Mengabaikan kaidah ini akan berakibat seperti yang dilakukan pentolan Kaum Khawarij yaitu Nafi’ Ibn al-Azraq.
Mengutip buku Salah Paham Terhadap Alquran, karya Ahmad Sarwat, dia keliru ketika menafsirkan ayat secara sepotong-sepotong dan tidak memperhatikan kaitannya dengan ayat-ayat yang lainnya.
Dia mengklaim bahwa Alquran telah menetapkan bahwa kalau ada orang masuk neraka, maka dipastikan tidak akan pernah bisa keluar lagi. Sekali neraka, akan tetap abadi di dalam neraka.
Ru-panya dia mengambil dasarnya dari firman Allah SWT berikut ini : “Mereka ingin keluar dari neraka, padahal mereka sekali-kali tidak dapat keluar daripadanya, dan mereka beroleh azab yang kekal.” (QS al-Maidah : 37)
Tentu saja klaim sepihak ini keliru. Oleh karena itulah maka Ibnu Abbas RA menegurnya dengan mengatakan sebagai berikut : “Celaka kamu. Bacalah ayat yang di atasnya. Ayat ini khusus untuk orang kafir.” (ath-Thabrani)

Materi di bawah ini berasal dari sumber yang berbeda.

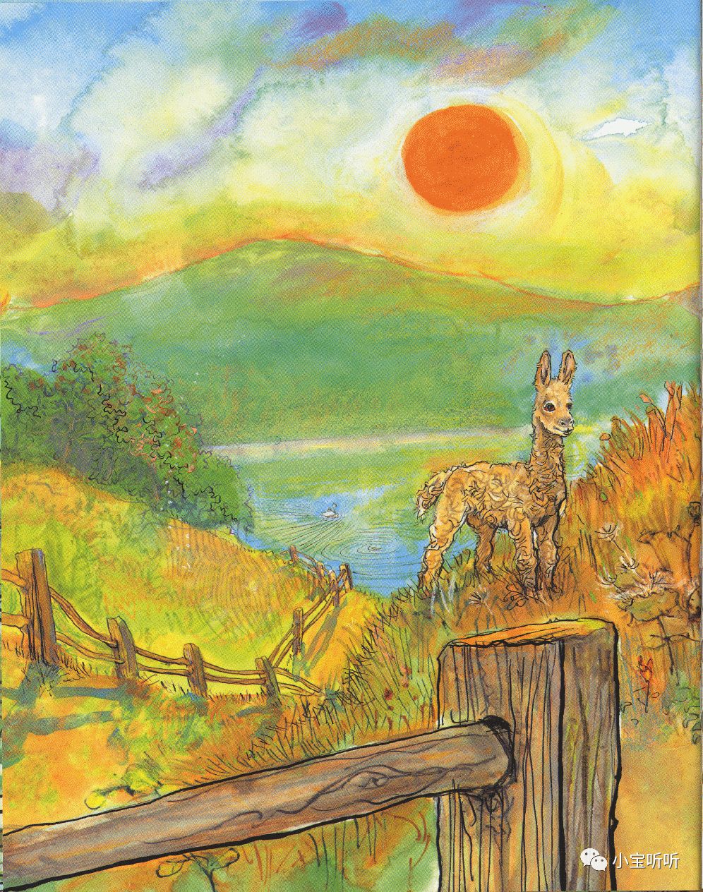 他问啊问,找啊找,找到朝阳都变成了夕阳,终于,他的朋友Llyn,另一只羊驼给了Lloyd满意的答案。小羊驼终于找到了自己的妈妈,依偎着进入了梦乡。
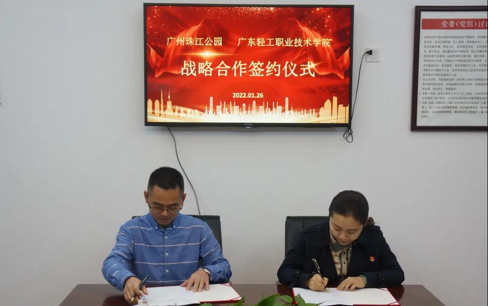2022年1月26日,广州珠江公园与广东轻工职业技术学院战略合作协议签约仪式在珠江公园举办。在广州市林业和园林局的指导下,“公园+高校”联盟合作、共同发展的战略模式,正式在广州珠江公园落地开花。

Ternyata ayat yang di atasnya atau yang sebelumnya menegaskan bahwa yang dimaksud dengan orang masuk neraka tidak keluar lagi itu sebatas manakala orang itu mati dalam keadaan kafir dan bukan Muslim.

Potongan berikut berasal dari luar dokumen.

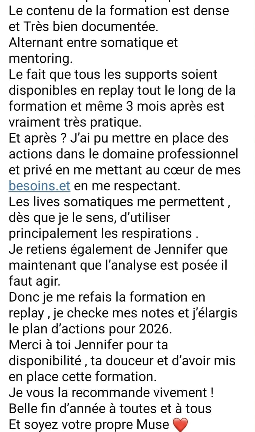 Ce que j'ai aussi constaté, après 10 ans à regarder d'autres thérapeutes, coaches, etc, c'est qu'ils restent dans le mental pour solutionner le problème : affirmations positives, journaling, mindset, méditations (il y en a dans Muse Incarnée) mais je n'ai trouvé aucun accompagnement qui associe le travail somatique (reconnexion au corps) et le travail neuro-identaire (système nerveux, inconscient). C'est là, que j'ai créé ma propre méthode par mes propres expériences, recherches, qui a fonctionné avec moi et mes clientes pour des résultats visibles, durables. C’est scientifique (neurosciences), profond (psychologie & symbolique) et incarné (pratiques somatiques).
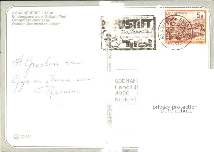 72092259 alte Postkarte Neustift Stubaital Tirol Ortsansicht postalisch gelaufen Erhaltung siehe scans KatCode: 11390332070334
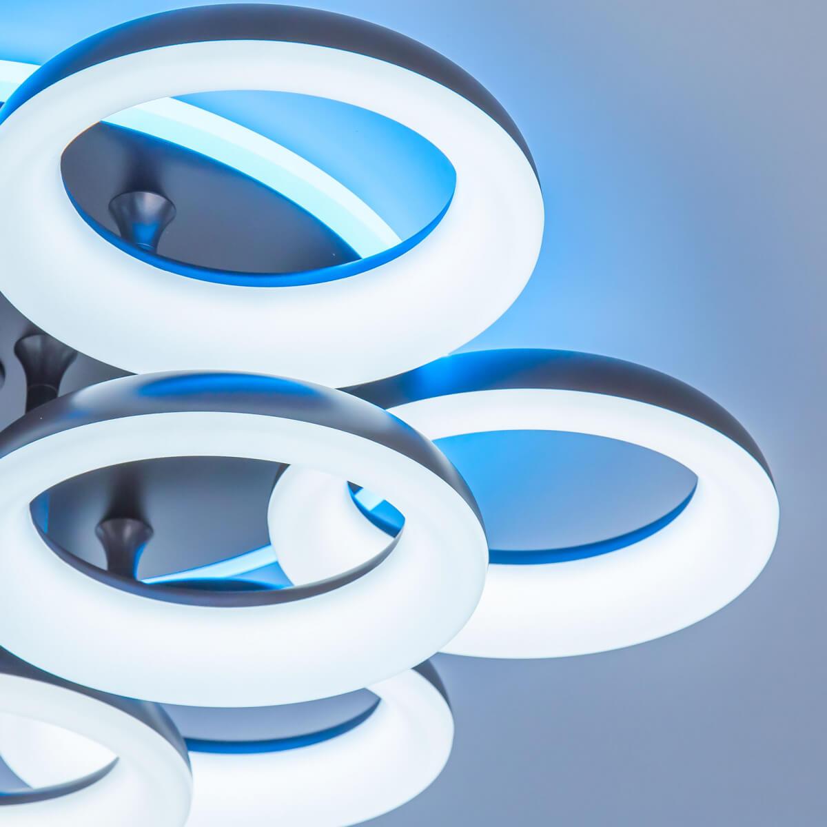 Потолочная светодиодная люстра Citilux Паркер Смарт CL225A195E от Китайского бренда Citilux из коллекции Паркер Смарт будет удачно смотреться в гостиной в современном стиле. Светильник выполнен из полимера с плафонами в форме круга белого цвета.

“Sesungguhnya orang-orang yang kafir sekiranya mereka mempunyai apa yang dibumi ini seluruhnya dan mempunyai yang sebanyak itu (pula) untuk menebusi diri mereka dengan itu dari azab hari kiamat, niscaya (tebusan itu) tidak akan diterima dari mereka, dan mereka beroleh azab yang pedih.” (QS al-Maidah : 36)
Sementara mereka yang Muslim atau meninggal dengan status sebagai Muslim, meski ada kemungkinan masuk neraka, namun begitu dosa-dosanya sudah habis dibayarkan dengan dibakar di api neraka, maka mereka pun kemudian akan dikeluarkan.
“Sungguh umatku akan diseru pada hari kiamat dalam keadaan bercahaya karena bekas wudhunya. Maka siapa yang mampu melebihkan panjang sinar pada tubuhnya, maka lakukanlah.” (HR Bukhari dan Muslim).
Imam Ibnu Hajar menjelaskan, hadis ini terdapat dua makna. Makna yang pertama bahwa yang dimaksud “ghurran muhajjilin” orang yang dibangkitkan dengan wajah yang terang benderang di hari kiamat adalah yang melebihkan air dalam membasuh anggota wudhu. Makna yang kedua bahwa yang dimaksud adalah orang yang memperbanyak wudhu.
Dari kisah ini, ternyata Alquran yang dibaca sepotong-sepotong dengan dibaca secara keseluruhan memiliki arti yang berbeda jauh dengan tafsir yang sebenarnya. Maka dari itu kita tidak bisa menafsirkannya sendiri tanpa didampingi oleh orang yang telah ahli di bidangnya. Wallau’alam bii shawab.